Nineteen thirty-eight was a fateful year for Waldo Salt. It was the year the young screenwriter saw his first screenplay, “THE SHOPWARN ANGEL,” produced by Joe Mankiewicz, with a cast featuring James Stewart, Margaret Sullivan, and Walter Pidgeon. It was also the year he joined the American Communist Party, the start of an affiliation that would cause him to be plucked from the brink of fame, blacklisted, and prevented from working in the industry he loved for fifteen years.
Salt, the child of a suicidal mother and right-wing extremist father, came to Hollywood after graduating from Stanford at age eighteen. Among his early adaptations for the screen were Fannie Hurst’s HUMORESQUE and Edith Wharton’s ETHAN FROME. He was friends with Nathaniel West and F. Scott Fitzgerald, and worked on films with some of the period’s best known stars, including Robert Mitchum, William Holden, Burt Lancaster, and Virginia Mayo.
In 1950, as his THE FLAME AND THE ARROW was showing throughout the country’s theaters, Waldo Salt seemed on his way to being one of Hollywood’s major screenwriters. But, for Salt as for many others, the 1950s meant the stifling of their creative talents by a paranoid and restrictive government. In April of 1951 Salt was called to testify before the House Un-American Activities Committee — Senator Joseph McCarthy’s brainchild for the investigation of Communist infiltration of America. Though never held in contempt of Congress, like a number of his colleagues, Salt was clearly identified as a card-carrying Communist and blacklisted for many years. Of that time, Salt said, “I wish we had done something to deserve being blacklisted. I wish we’d had that much influence on film or on politics at that time. I think the world might have been different. But we didn’t.”
Throughout the 1950s and early 1960s, Salt wrote primarily for television and commercials. Using a pseudonym, he worked on a number of films, keeping somewhat in touch with the industry, but no longer at the center of it. Though the blacklist had been lifted, much of his life had fallen into ruin.

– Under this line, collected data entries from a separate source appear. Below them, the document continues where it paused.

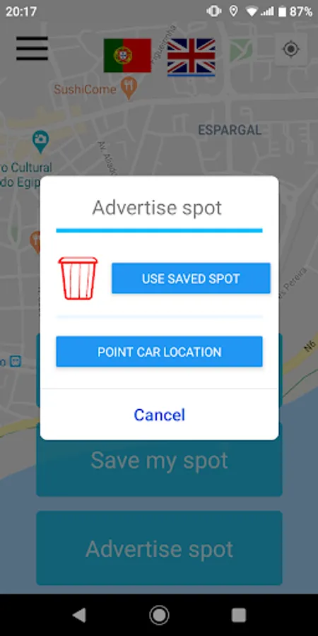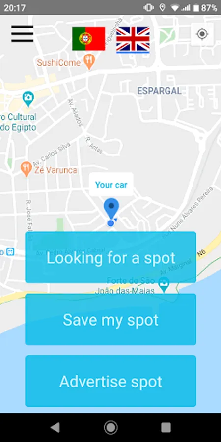 • There is the option on the main menu to save the parking space position when you park your car, this will facilitate the publication of your parking space later.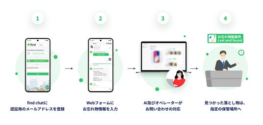 本サービスにより、お客様はスマートフォンから簡単にお忘れ物の検索・お問い合わせが可能となり、これまでのように複数の施設へ個別にご連絡いただく手間が軽減されます。さらに、施設を横断した検索により、よりスピーディーなお忘れ物の発見・返却を実現します。
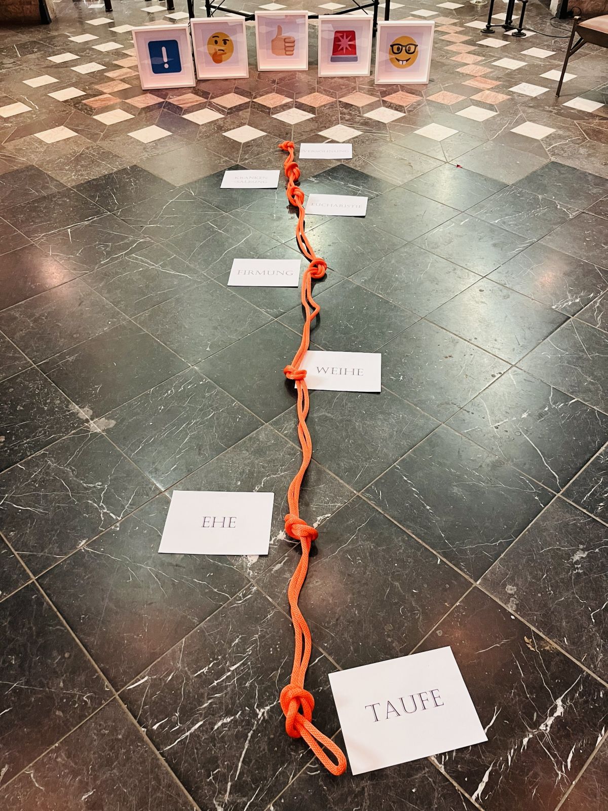 Bei der Firmung zum Beispiel gab es ein Labyrinth, in dem es mehrere Aufgaben gab, die deinen Schritt zur Firmung begleiten. Dann gab es auch noch Hanteln, bei denen du überlegen solltest, was dich stark macht. Dazu passend konnte jeder, der wollte, einen Traubenzucker zur Stärkung nehmen.

Divorced, and sick with pneumonia and despair, Salt was living in a cheap New York hotel trying to write television scripts. “I ended up at fifty, over-the-hill, thinking I had no future,” Salt explained. “Finally, I realized that I had allowed myself to write less than I could.” According to fellow writer Ian Hunter, “From then on, Waldo approached screenwriting as an artist.”
Struggling for the next four years to find his voice as a writer, Salt was poised for a comeback when, in 1968, he got the chance to write the screen version of MIDNIGHT COWBOY. Winner of Academy Awards for Best Picture and Best Director, the film also earned Salt the Oscar for Best Adapted Screenplay. It had taken nearly twenty years, but Waldo Salt returned to Hollywood the way he had left it — with dignity.

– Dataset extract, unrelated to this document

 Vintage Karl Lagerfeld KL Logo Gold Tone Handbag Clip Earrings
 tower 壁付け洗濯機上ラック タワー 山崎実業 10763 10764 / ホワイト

Beginning with MIDNIGHT COWBOY (1969), Salt’s lifetime of experience culminated in a series of brilliantly written, critically-acclaimed screenplays, including: SERPICO (1972), a film about an honest cop who must choose between loyalty to friends and his moral convictions; THE DAY OF THE LOCUST (1975), Salt’s adaptation of Nathaniel West’s novella; and COMING HOME (1978), the story of a marine wife who falls in love with a paraplegic Vietnam veteran, for which Salt won his second Academy Award.
Less than six months before his death in March of 1987, Salt received the Laurel Award for Screen Achievement, the highest accolade the Writers Guild can bestow. His acceptance speech proves to be a fitting epitaph: “As writers true to ourselves, it will always be hard, and if we’re good, we’ll always be in trouble. Let’s be sure we deserve it.”